Caldo de Arroz con Pollo (Chicken and Rice Soup)

It's cooled down around here.  It's in the mid 90s in the afternoons and the mornings, well, I was down right chilled yesterday.  It was 67! 
Since temps dropped, I'm in the mood for one of my favorite soups.

This is a staple at just about every Mexican restaurant here in South Texas.   The first time I tasted it was at lunch one afternoon.  I went back that night for supper and got a bigger bowl.  Later that week, I had Pool Guy stop and pick up some more for me.  You have to get it early because they only make so much and once it's gone, you're outta luck.  On more than one occasion, at my favorite restaurant, I was told they didn't make it that day or they were out so... I decided I had to learn to make it myself.

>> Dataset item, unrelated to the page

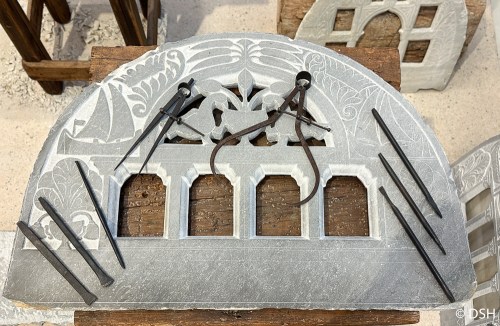 My painting suffered overnight. Apparently one of the workers, thrilled to see a painting of the chapel, picked it up and hugged it, getting paint on his shirt. It was then left on the ground and the wind brought in dirt. Fortunately, it was only the first layer, so I wiped off the dirt and continued. It was a bit cooler and windier than yesterday.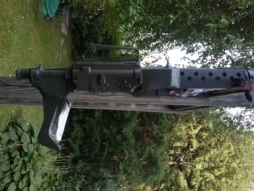 Then I painted it to see how it's coming along. Oh, I puttied up the back M16 section on the right side too. It still needs work blending into the middle M16 section, but the handle area came out well!

Caldo de Arroz con Pollo (Chicken and Rice Soup)
This recipe makes 4-5 servings if it's your main dish (big bowls).  You can easily double or triple to accommodate the number of people eating. 

  • 1 Chicken leg quarter (I used a large one, you could add a thigh if yours is small)
  • 3 small potatoes, cleaned and quartered
  • 1 handful baby carrots (or 1 large carrot roughly chopped)
  • 1/2 cup fresh corn (frozen corn that has been thawed can be used too)
  • 1 pot rice
  • 3 chicken bouillon cubes
  • 1 quart water (give or take)
  • 1 packet Sazon (which I was out of today)
  • fresh limes (for squeezing into soup when served)
  • salt, pepper, cumin, garlic powder, onion powder, chili powder

Season your chicken getting under the skin and place in the fridge over night.

Bring you water and boullion to a boil in a large sauce pan.

Put your chicken in the pan and cook until it can be pulled from the bone with a fork. (I cooked mine about 40 min.)

Remove your chicken and set aside.

Cook rice according to package directions and set aside when done.  (you can do this early in the day if you wish)

Strain the broth (water) and return to pot adding enough water to fill 2/3 of the way.

Taste your broth and add Sazon and any seasonings (or more boullion) to suit your tastes.

Add potatoes and cook until soft but not mushy.  About 10 min depending on the size you cut them.  (I keep mine small enough to fit on a spoon but large enough to be a mouthful)

Once the chicken cools enough to handle, remove skin (discard) and meat from bone shredding in to bite sized pieces. 

Turn heat off and add carrots to pot and return shredded meat to pot.   Cover and let carrots soften a bit, about 5 min.

To serve:

Place 1/3 cup of rice in bottom of bowl.  Spoon some corn over the top and then ladle some of the soup over the top of it.  Be sure to get some potato chunks and carrots in your bowl.  Squeeze a lime quarter into it.  It makes a huge difference in flavor.  Trust me, you'll like it!  You can tear up corn or flour tortillas and drop them in too if you wish.  Pool Guy eats his this way.

Note:  I keep the rice and corn separate from the soup for two reasons:  1) that's how it's served in the restaurant and   2) I don't like soggy corn or mushy, bloated, overcooked rice.   Keep leftovers separate and then put together before microwaving.